Não dá para forçar alguém a crescer, cada um tem o seu momento. E na minha visão, é uma forma de amor deixar as pessoas errarem e não forçar a sua realidade nelas.
Eu achava que sabia o que era caridade, mas só fui realmente internalizar essa lição anos depois, quando me vi do outro lado — no papel de quem precisava receber.
Foi numa fase difícil da minha vida, em que, por mais que eu quisesse, não tinha nada para oferecer em troca da ajuda que me foi dada.
Nem dinheiro, nem tempo, nem sequer energia. E, mesmo assim, fui acolhido com generosidade. Aquilo me constrangeu de um jeito diferente, profundo. Foi ali que percebi como é delicado o ato de receber — e como, às vezes, aceitar ajuda exige ainda mais coragem e humildade do que oferecê-la.
Doar é uma arte. Receber é confiar. E entre os dois, existe uma ponte que se constrói com coragem, respeito, escuta e tempo.
Ao refletir sobre tudo que compartilhei, volto à frase de Alexandre Dumas que abriu este artigo:
"Há favores tão grandes que só podem ser pagos com a ingratidão."
Esta verdade encontra sua expressão mais profunda na história que inspira nossa celebração da Páscoa. Jesus Cristo, que ofereceu o maior de todos os presentes – amor incondicional, perdão e salvação – foi recompensado com uma das mais dolorosas formas de ingratidão: a traição de Judas, alguém de seu círculo íntimo.
Judas recebeu de Jesus confiança, ensinamentos e a honra de ser um dos doze. Mas diante dessa grandiosidade – ser escolhido como discípulo – talvez tenha se sentido pequeno demais, indigno demais.
A ingratidão, manifestada na traição por trinta moedas de prata, pode ter sido sua tentativa desesperada de recuperar algum controle, algo similar ao que discuti aqui.
O que torna essa história ainda mais extraordinária não é apenas a traição em si, mas a resposta de Jesus a ela.
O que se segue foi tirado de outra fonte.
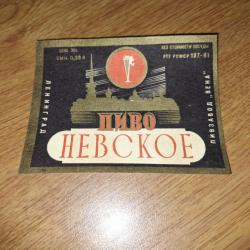 1961-1980Этикетка Пиво Невское Ленинград пивзавод Вена РТУ 1961 отклеена

Mesmo sabendo que seria traído, continuou oferecendo. Mesmo ciente da ingratidão futura, não retirou seu favor. Pelo contrário, no momento mais crítico, ofereceu ainda mais: seu corpo e seu sangue simbolizados no pão e no vinho, seu perdão até mesmo para aqueles que o crucificavam.
Nisso está a lição mais profunda sobre dar e receber. Às vezes, a ingratidão que enfrentamos é proporcional à grandeza do que oferecemos – não porque o outro seja intrinsecamente mal ou ingrato, mas porque receber algo tão grande pode despertar medo, insegurança, ou uma dolorosa consciência da própria incapacidade de retribuir à altura.
Eu acredito que devemos fugir da armadilha de evitar oferecer por medo da ingratidão, ou esperar sempre reciprocidade perfeita. Estou sempre buscando trabalhar em mim a compreensão dessa dinâmica humana tão complexa.
Como constatei em minhas experiências – seja ensinando jovens relutantes, lidando com vizinhos, ou me vendo forçado a aceitar ajuda quando nada tinha a oferecer em troca – existe uma delicada arte no dar e no receber. Uma arte que, em seus momentos mais sublimes, se aproxima do amor incondicional que celebramos nesta Páscoa.
Dumas estava certo sobre a ingratidão que frequentemente segue grandes favores. Mas sua frase captura apenas um lado dessa complexa equação. O outro lado é que, mesmo diante dessa ingratidão, continuar oferecendo – como fez meu colega com os adolescentes, como fizeram aqueles que me ajudaram quando nada tinha a dar, como fez Jesus com todos nós – é talvez o ato mais profundamente humano e divino que podemos realizar.
Doar é uma arte. Receber é confiar. E entre os dois, existe uma ponte que se constrói com coragem, respeito, escuta e tempo – uma ponte que, nos seus melhores momentos, transcende a matemática das trocas exatas e nos conecta ao mistério maior do amor incondicional.